In short, instead of running scripts manually or creating messy cron jobs, you write a python code that defines the workflow automatically. Airflow runs the workflow, tracks what failed and lets you retry the failed tasks.

The Core Concept: What Is a DAG?

DAGS stands for Directed Acyclic Graph. It just means:

Directed - scheduled tasks runs in order, task B can't run before A.
Acyclic - After running task B you can go back to task A.
Graph - the connected tasks are visually represented in a map.

A DAG is like a recipe, you can't frost a cake before you bake it. A specific order must be followed.

A Real World Example of a DAG - a daily data pipeline

extract_data → transform_data → load_to_warehouse

A basic DAG code

from airflow import DAG
from airflow.operators.python import PythonOperator

def extract():
    print("Extracting data ...")

def transform():
    print("Transforming data...")

def load():
    print("loading data to warehouse...")

with DAG(
    dag_id="daily_pipeline",
    start_date=datetime(2026, 5, 10),
    schedule_interval="@daily",
    catchup=False
) as dag:

    extract_task = PythonOperator(task_id="extract", python_callable=extract)
    transform_task = PythonOperator(task_id="transform", python_callable=transform)
    load_task = PythonOperator(task_id="load", pyhon_callable=load)

    extract_task >> trasform_task >> load_task

">>" operator sets the order in which the tasks run, so, transform_task cannot run before extract_task.

What are Tasks

Every box in the dag is a task, extract_task is a task, transform_task is another task, and load_task is another task. Airlow runs each task independently.

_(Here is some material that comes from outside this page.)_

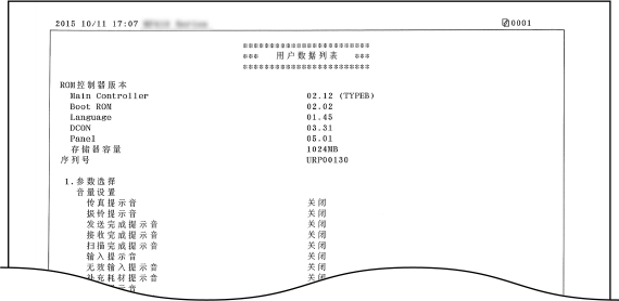 <用户数据列表> 不包括 <网络设置> 和 <系统管理设置> 的设置列表,以及 <传真设置> 的部分设置列表。若要检查所有设置项目(包括 <网络设置> 和 <系统管理设置>),请打印 <系统管理员数据列表>。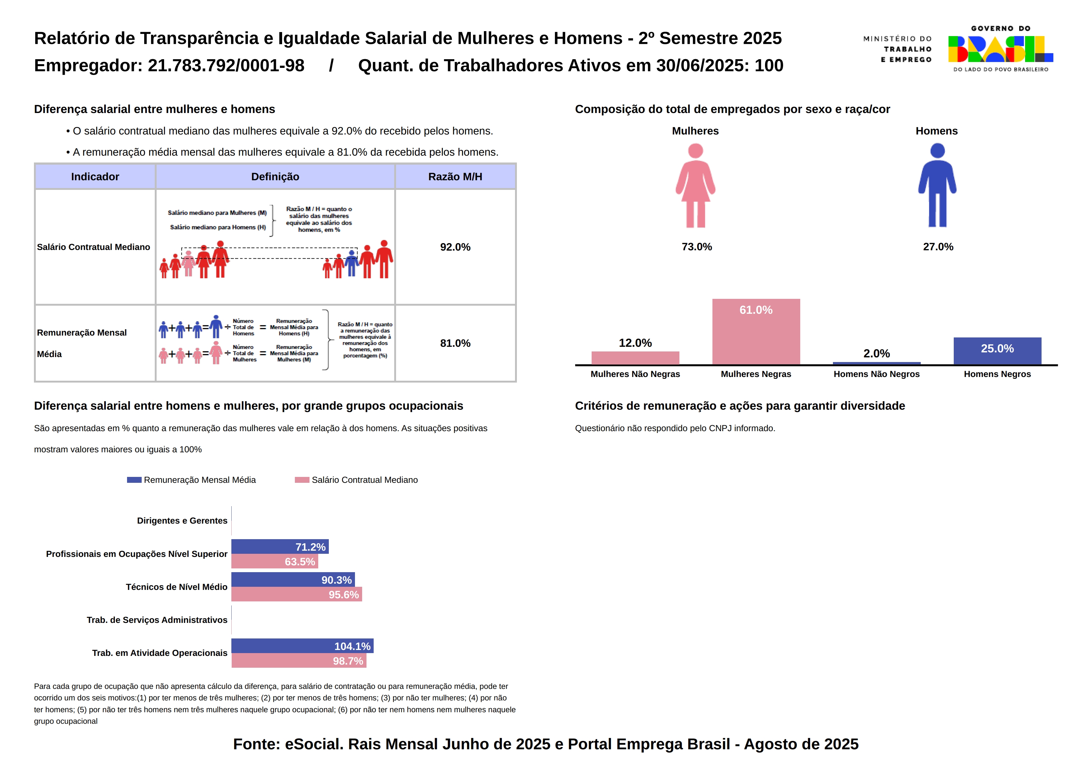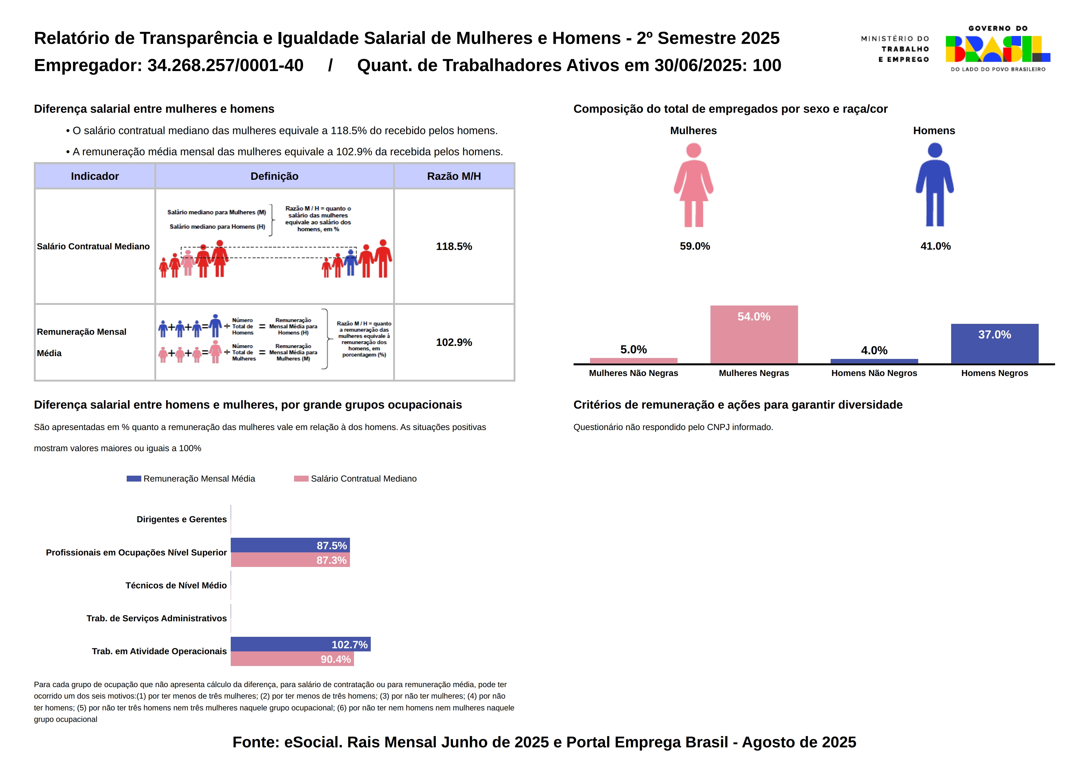 Este relatório apresenta informações sobre remunerações e critérios adotados, garantindo transparência e conformidade com a legislação vigente e reafirmando nosso compromisso com um ambiente de trabalho ético, inclusivo e equitativo.

Each task has one of these statuses at runtime:

queued — waiting to run
running — currently executing
success — finished without errors
failed — something went wrong
skipped — intentionally bypassed
retrying — failed but trying again.

if for instance, the load_task fails, Airflow does not retry the extract_task and trasform_task, rather it only retries load_task, which saves on time.

What Are Operators?

An operator is the template that defines what a task actually does. Think of an operator as a worker who already knows how to do one specific type of job.

Airflow comes with many inbuild operators:

1. PythonOperator

This runs any python code:

from airlfow.operators.python import PythonOperator

def my_fucntion():
    print("Hello from python!")

task = PythonOperator(
    task_id = "run_python",
    python_callable = my_function
)

2. BashOperator

This runs any bash command or shell script.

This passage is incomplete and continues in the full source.